Tra i numerosi contributi pubblicati online, un messaggio firmato con lo pseudonimo "Andreas" ha catturato l’attenzione degli investigatori, non per un elemento tecnico bensì per il suo contenuto riflessivo e inquietante.
Andrea Sempio, autore del post datato 25 dicembre 2015, affronta temi quali la violenza, il controllo e le reazioni in situazioni estreme.

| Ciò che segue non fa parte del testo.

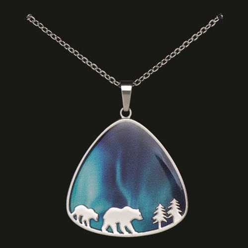 The bold and vivid colors of the northern lights come alive in this an eye-catching collection. Northern Lights jewelry comes competitively priced and attractively gift boxed. Choose from necklaces and earrings featuring a variety of shimmering silhouettes with vibrant aurora-filled centers—wearable art inspired by nature and wildlife. Each piece will bring back memories of your travels every time it’s worn.

Tuttavia, è una parte specifica del testo a emergere con forza: la possibilità di "infierire ad oltranza", ovvero continuare l’aggressione anche quando non è più necessaria, con un "calcio in testa che non serve" o l’uso di un’arma oltre il limite.
Queste parole, estrapolate dal contesto, descrivono una dinamica di perdita di controllo e di eccesso aggressivo. Alcuni esperti hanno riscontrato delle analogie con la ricostruzione dell’omicidio di Chiara Poggi, avvenuto nel 2007 a Garlasco, dove la violenza si è protratta oltre il necessario.
Nel suo messaggio, Sempio suggerisce anche di considerarsi potenziali aggressori, adottando strategie come osservare l’ambiente circostante, sfruttare il buio e le zone d’ombra, e persino simulare vulnerabilità per attirare la vittima, paragonandosi a "piante carnivore". Tale linguaggio evoca una prospettiva quasi strategica dell’aggressione.
Dall’altra parte, la difesa rigetta qualsiasi collegamento tra queste riflessioni e i fatti di cronaca. L’avvocato Liborio Cataliotti sottolinea che si tratta di idee teoriche, senza alcun riferimento diretto all’omicidio.
Nonostante ciò, la Procura di Pavia mantiene la tesi di una violenza prolungata, con colpi ripetuti anche quando la vittima non poteva più difendersi. Questo quadro rafforza il confronto, soprattutto a livello narrativo, con le parole espresse nel forum.
Il 6 maggio Andrea Sempio sarà convocato per l’interrogatorio dai magistrati, ma ha anticipato che si avvarrà della facoltà di non rispondere. Il significato di quel messaggio resta ora nelle mani degli inquirenti e, eventualmente, della giustizia.